- **WORK REQUIRED**
Restate the data below word for word. Leave the images out.

- **RECORDS SUPPLIED**
####
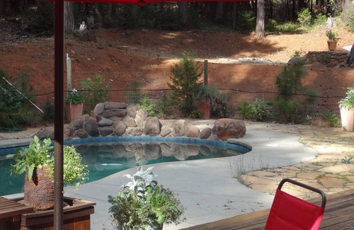 This secluded home is nestled in the forest of the Sierra foothills inside the Tahoe National Forest. Conveniently located to local wedding venues and a jump to the Western States Trail. This spacious home is close to many popular venues in and around Foresthill, California, the epicenter of northern California outdoor living. We aim to provide everything you'll need for a comfortable and clean experience on 3 acres of spacious, forested residence. Each of the bedrooms are extra large making for comfortable quarters. Please read the detailed descriptions and view our gallery to imagine your stay here! Kitchen offers a variety of spices and a generously stocked pantry with the essentials for the chef. Formal/informal place settings. Linens, towels, soap, etc. all included. Laundry room and ample storage. Guests must provide and prepare their own meals. Just bring yourself and be ready to relax by the 40' lap pool! Note that pool is sun-heated only (not solar), and may be brisk depending on time of year and weather conditions. On-site massage services may available with advanced, paid appointment. Very clean home. PLEASE READ THIS LISTING AND RENTAL AGREEMENT PRIOR TO BOOKING. THANK YOU! Note that the small cottage on our 3 acres of property during your stay MAY OR MAY NOT be occupied by me. If home, I am rarely seen or heard as I aim for a private experience for our guests.
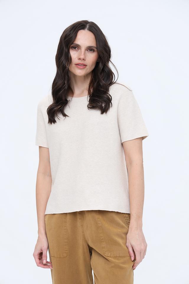 Бежевый пуловер от Oui с короткими рукавами и круглым вырезом – идеальный выбор для создания комфортного и стильного образа. Изготовлен из 100% хлопка, обеспечивающего мягкость и приятные ощущения при носке. Состав: хлопок 100%
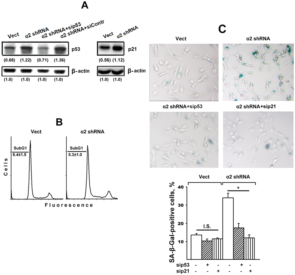 It could be assumed that the effect of a2β1 downregulation on senescence was not due to increased p53/p21 signaling but instead was initiated by another signaling pathway, such as p16/Rb. To clarify this issue, we investigated the effect of blocking the expression of each of these proteins on the senescence of SK-Mel-147 cells with reduced α2β1 expression. As seen in Figure 2A, in cells lacking α2β1, siRNA-induced silencing of p53 reduced the expression of this protein to the level of control cells and, as evidenced in Figure 2C, suppression of p53 and p21 sharply reduced the ratio of senescent cells in the α2β1-downregulated population. In cells with intact α2β1, the effect of sip53 and sip21 was insignificant most likely because of already low senescence of these cells.
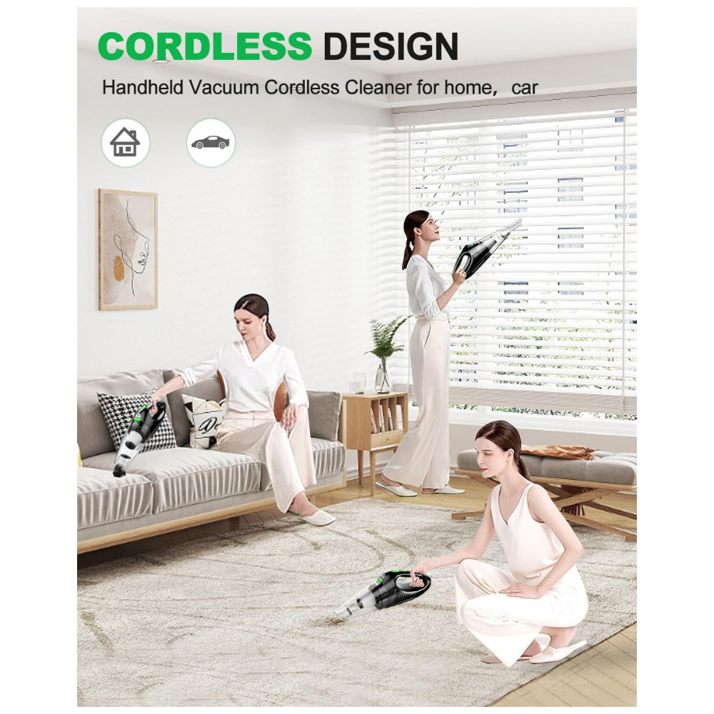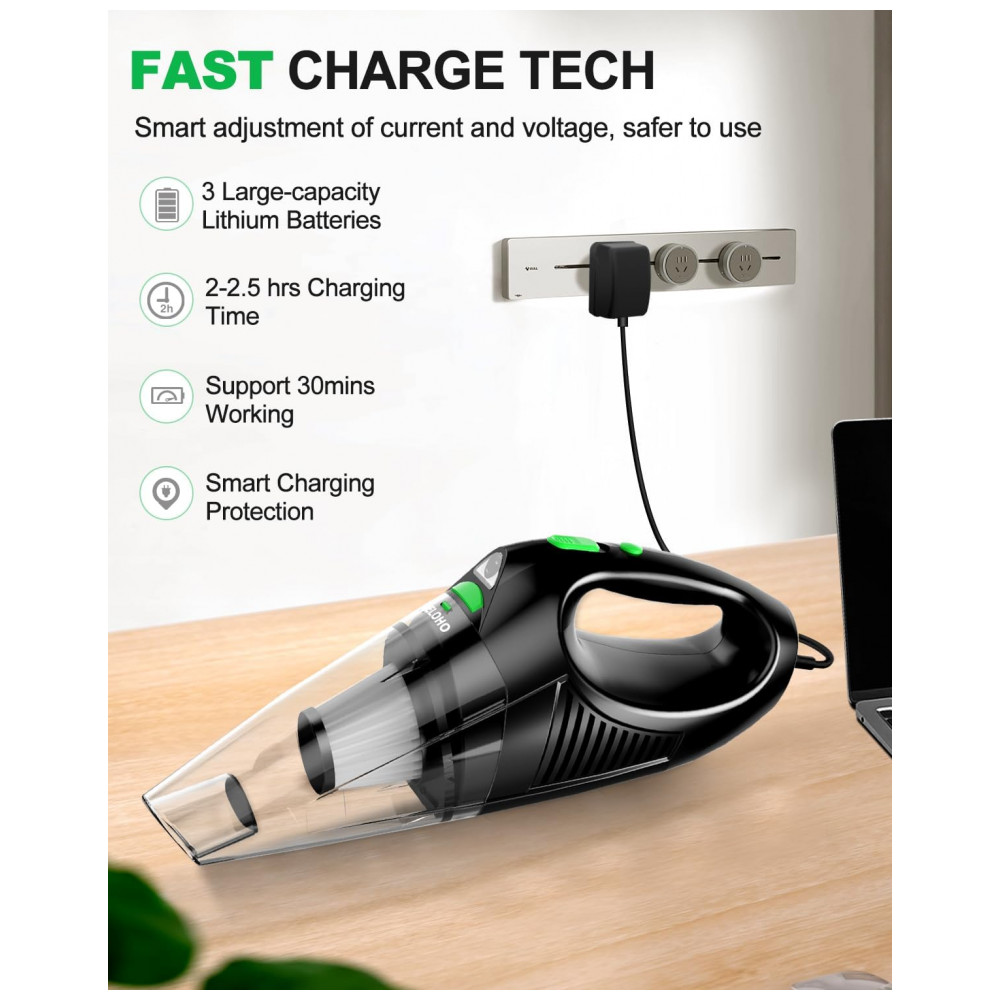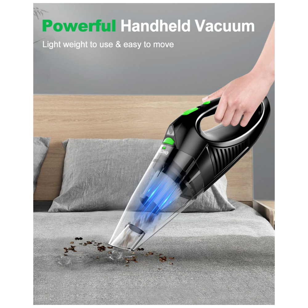Aspirador de Pó Portátil sem Fio Recarregável para Carro e Móveis 12V 120W MELOHO Preto e Verde
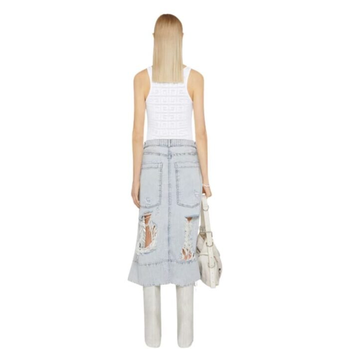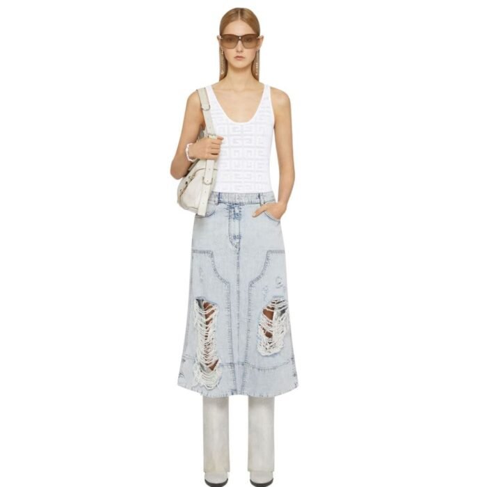 Introducing the Givenchy Tank Top In 4G Jacquard is a sleek and modern essential, marrying the brand’s iconic design with contemporary flair. Crafted from high-quality jacquard fabric, this tank top features the signature 4G logo pattern woven into the fabric, adding a touch of luxury and sophistication to the piece. The clean lines and minimalist silhouette make it a versatile wardrobe staple, perfect for layering or wearing on its own. Whether paired with tailored trousers for a polished daytime look or styled with denim for a casual yet chic ensemble, this Givenchy tank top effortlessly combines comfort, style, and unmistakable luxury, making it a must-have for fashion-forward individuals.
####
- **WRITTEN SOLUTION**
 This secluded home is nestled in the forest of the Sierra foothills inside the Tahoe National Forest. Conveniently located to local wedding venues and a jump to the Western States Trail. This spacious home is close to many popular venues in and around Foresthill, California, the epicenter of northern California outdoor living. We aim to provide everything you'll need for a comfortable and clean experience on 3 acres of spacious, forested residence. Each of the bedrooms are extra large making for comfortable quarters. Please read the detailed descriptions and view our gallery to imagine your stay here! Kitchen offers a variety of spices and a generously stocked pantry with the essentials for the chef. Formal/informal place settings. Linens, towels, soap, etc. all included. Laundry room and ample storage. Guests must provide and prepare their own meals. Just bring yourself and be ready to relax by the 40' lap pool! Note that pool is sun-heated only (not solar), and may be brisk depending on time of year and weather conditions. On-site massage services may available with advanced, paid appointment. Very clean home. PLEASE READ THIS LISTING AND RENTAL AGREEMENT PRIOR TO BOOKING. THANK YOU! Note that the small cottage on our 3 acres of property during your stay MAY OR MAY NOT be occupied by me. If home, I am rarely seen or heard as I aim for a private experience for our guests.
 Бежевый пуловер от Oui с короткими рукавами и круглым вырезом – идеальный выбор для создания комфортного и стильного образа. Изготовлен из 100% хлопка, обеспечивающего мягкость и приятные ощущения при носке. Состав: хлопок 100%
 It could be assumed that the effect of a2β1 downregulation on senescence was not due to increased p53/p21 signaling but instead was initiated by another signaling pathway, such as p16/Rb. To clarify this issue, we investigated the effect of blocking the expression of each of these proteins on the senescence of SK-Mel-147 cells with reduced α2β1 expression. As seen in Figure 2A, in cells lacking α2β1, siRNA-induced silencing of p53 reduced the expression of this protein to the level of control cells and, as evidenced in Figure 2C, suppression of p53 and p21 sharply reduced the ratio of senescent cells in the α2β1-downregulated population. In cells with intact α2β1, the effect of sip53 and sip21 was insignificant most likely because of already low senescence of these cells.
Aspirador de Pó Portátil sem Fio Recarregável para Carro e Móveis 12V 120W MELOHO Preto e Verde
 Introducing the Givenchy Tank Top In 4G Jacquard is a sleek and modern essential, marrying the brand’s iconic design with contemporary flair. Crafted from high-quality jacquard fabric, this tank top features the signature 4G logo pattern woven into the fabric, adding a touch of luxury and sophistication to the piece. The clean lines and minimalist silhouette make it a versatile wardrobe staple, perfect for layering or wearing on its own. Whether paired with tailored trousers for a polished daytime look or styled with denim for a casual yet chic ensemble, this Givenchy tank top effortlessly combines comfort, style, and unmistakable luxury, making it a must-have for fashion-forward individuals.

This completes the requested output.